Besides the cannabis bill, lawmakers are expected to take up a bill that spells out the details of the budget. Often, that piece of legislation is used to resurrect proposals that died during the session and is sometimes jokingly referred to as a Christmas tree.

While Democratic Gov. Ned Lamont said Thursday he didn't “want any Christmas trees” or a “whole second round” of the regular legislative session, he would like it if the Democratic-controlled General Assembly considered taking up his proposal to have Connecticut formally adopt the regional Transportation and Climate Initiative Program, which wasn't included in the final budget deal.

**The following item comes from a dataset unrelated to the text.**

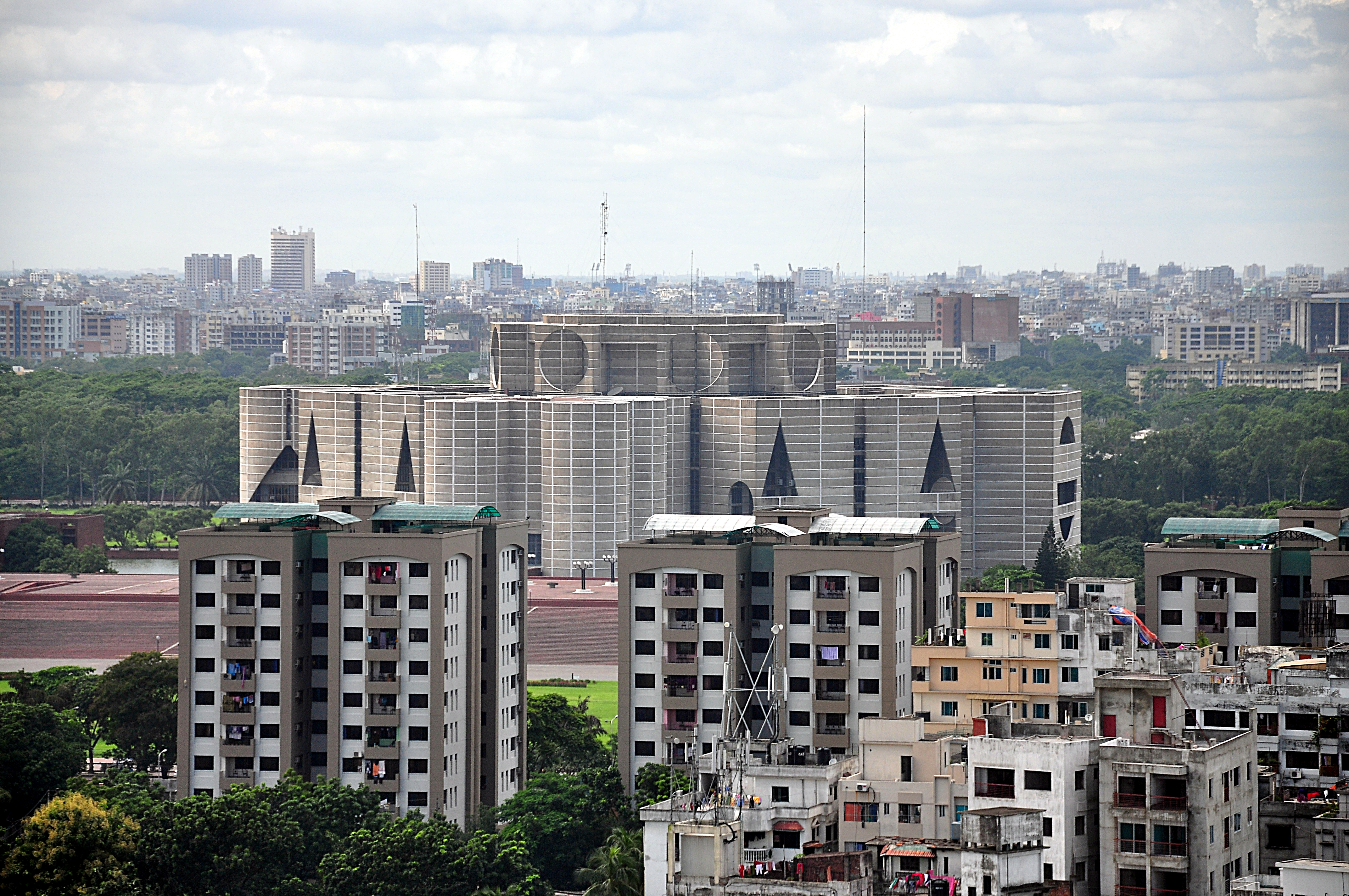 Jatiyo Sangshad Bhaban (National Parliament House) in Dhaka, Bangladesh
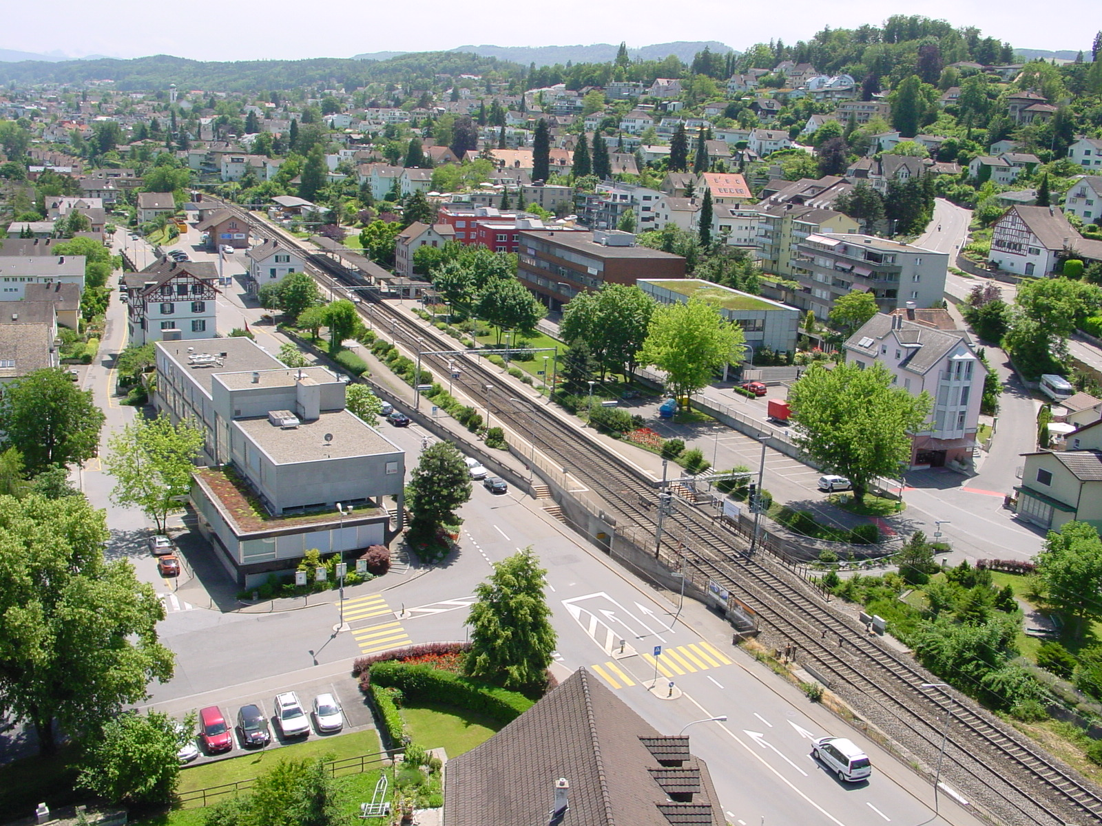 Picture take from the steeple of the church in direction to the railroad station

“If we have a chance to revisit it, why not,” asked Lamont.

Under the bill, the Department of Energy and Environmental Protection would adopt regulations for the program, which the leaders of Massachusetts, Rhode Island and Washington, D.C., have also signed onto, along with Lamont. A cap would be established on greenhouse gas emissions from gasoline and on-road diesel fuel. Wholesale fuel suppliers would then be required to purchase “allowances” at an auction, beginning in 2023, to cover the cost of the pollution from those fuels.

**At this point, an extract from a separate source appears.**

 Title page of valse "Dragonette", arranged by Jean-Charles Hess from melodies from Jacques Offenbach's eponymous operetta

Advocates have said the funds generated — an estimated $1 billion over 10 years — would pay for clean transportation investments, with at least half invested in communities adversely impacted by air pollution. But Republicans maintain the plan will result in higher gasoline prices for consumers, possibly an additional 5 to 9 cents-per-gallon or more.

House Minority Leader Vincent Candelora, R-North Branford, said Thursday he felt the GOP was being unfairly blamed for the marijuana legalization bill not passing during the regular session, and subsequently forcing lawmakers to go into overtime and possibly voting after all on the governor's Transportation Climate Initiative, which the GOP has labeled a gas tax increase.

“We never threatened to filibuster the bill,” said Candelora, who argued there simply wasn't enough time to thoroughly debate the massive marijuana bill. “And so, I think that it really came down to poor calendar management on the Democrats' side. Look, they have both chambers, they have the governor's office. They had six months to get their work done.”